Андре Моруа приводит в «Письмах незнакомки такую историю: «Лорд Дансэни написал на эту тему весьма любопытную пьесу. В первом действии перед нами человек, опоздавший на поезд: в ту минуту, когда он приближается к выходу на перрон, поезд уходит. Вследствие этого опоздания дальнейшая его жизнь складывается неудачно, и он то и дело твердит: "Подумать только, что секундой раньше..."  И вот в один прекрасный день какой-то восточный торговец предлагает ему купить волшебный кристалл, позволяющий его владельцу видоизменить по своему желанию одно из минувших событий. Герой пьесы, разумеется, желает оказаться на том же перроне, только секундой раньше.  На сей раз он садится в поезд, и жизнь его начинается сызнова.  Однако, хотя внешне все складывается по-другому, герой терпит столь же полное фиаско, как и в первый раз, так как коренные причины неудачи были заключены в его характере, а не в обстоятельствах».

Течение нашей жизни зависит от того направления, которое мы избрали. Если мы желаем умножить добро, то и наша дорога приведёт к добру нас самих, в независимости от того, сколько у нас будет недоброжелателей и трудностей на пути. И наоборот, – злые цели и методы неизменно приводят к злу…

Дар писателя – видеть глубину и открывать её другим. Глубина мира – это те духовные законы, по которым существует бытие. Это Бог, действующий во всём, и почти никому при этом не заметный, потому что у людей не хватает мудрости, внутренней тишины и времени, чтобы Его замечать.
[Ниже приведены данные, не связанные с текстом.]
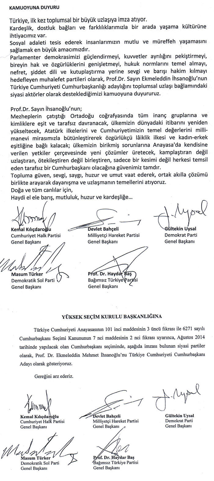 Cumhurbaşkanlığı Seçimleri Büyük Uzlaşı Belgesi
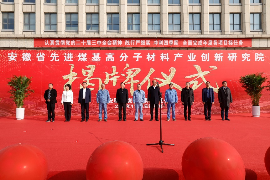 11月22日上午,在中安联合煤化有限责任公司主楼广场举办了“安徽省先进煤基高分子材料产业创新研究院”揭牌仪式,副校长宫能平代表共建单位安徽理工大学参加揭牌仪式。
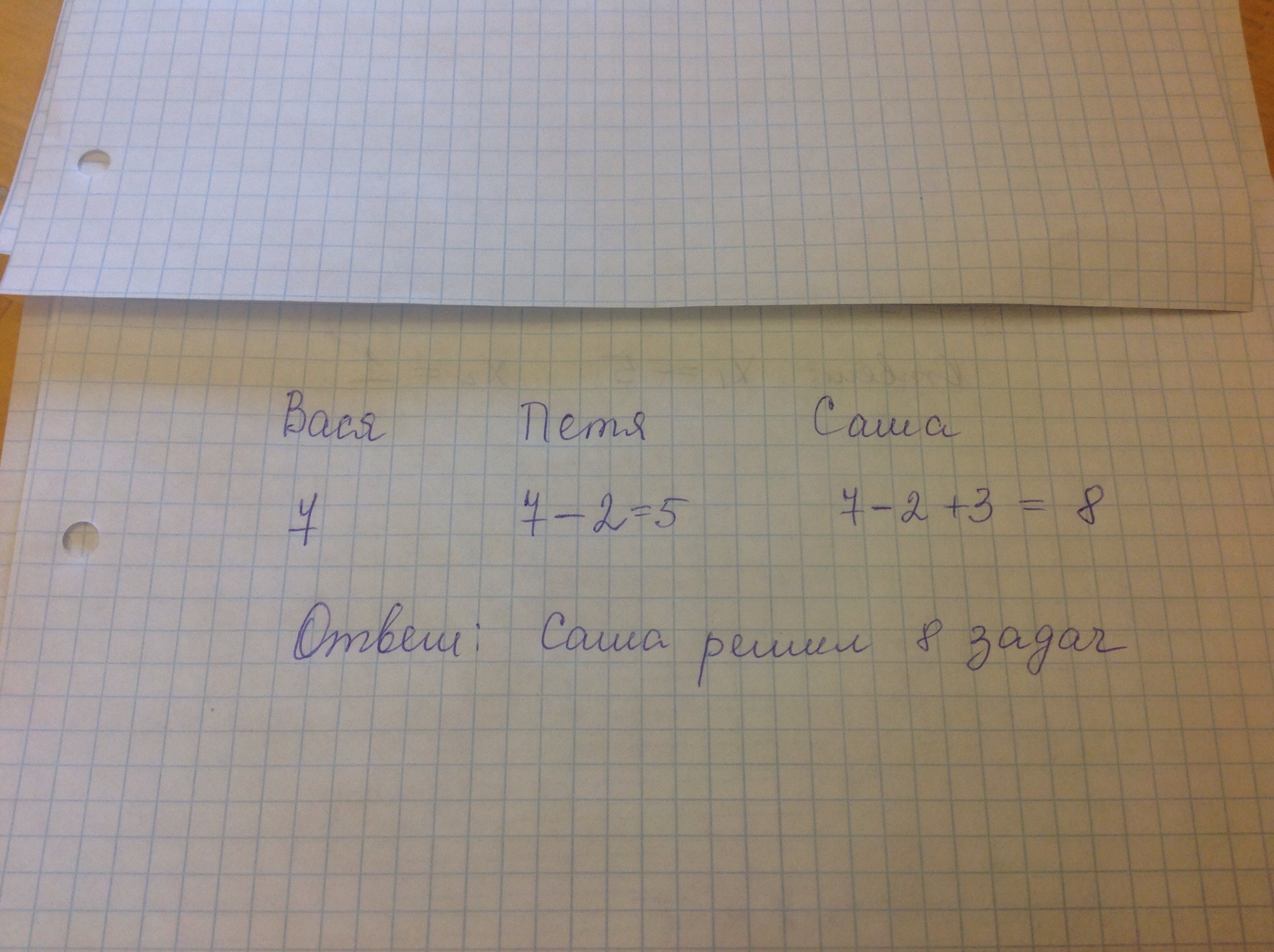 Вася решил на 2 задачи больше, чем Петя,а Петя на 3 задачи меньше, чем Саша.Сколько задач решил Саша,если Вася решил 7 задач?

Писатель по К. Паустовскому – тот, кто прибавляет к людскому зрению зоркости. Тот, кто учит не только смотреть, но и видеть. Эта мысль хорошо выражается одной древней китайской легендой, которую мы приведём целиком:

Князь Му. повелитель Цзинь, сказал Бо Лэ: "Ты обременен годами. Может ли кто-нибудь из твоей семьи служить мне и выбирать лошадей вместо тебя?" Бо Лэ отвечал: "Хорошую лошадь можно узнать по ее виду и движениям. Но несравненный скакун - тот, что не касается праха и не оставляет следа, - это нечто таинственное и неуловимое, неосязаемое, как утренний туман. Таланты моих сыновей не достигают высшей ступени: они могут отличить хорошую лошадь, посмотрев на нее, но узнать несравненного скакуна они не могут. Однако есть у меня друг, по имени Цзю Фангао, торговец хворостом и овощами, - он не хуже меня знает толк в лошадях. Призови его к себе".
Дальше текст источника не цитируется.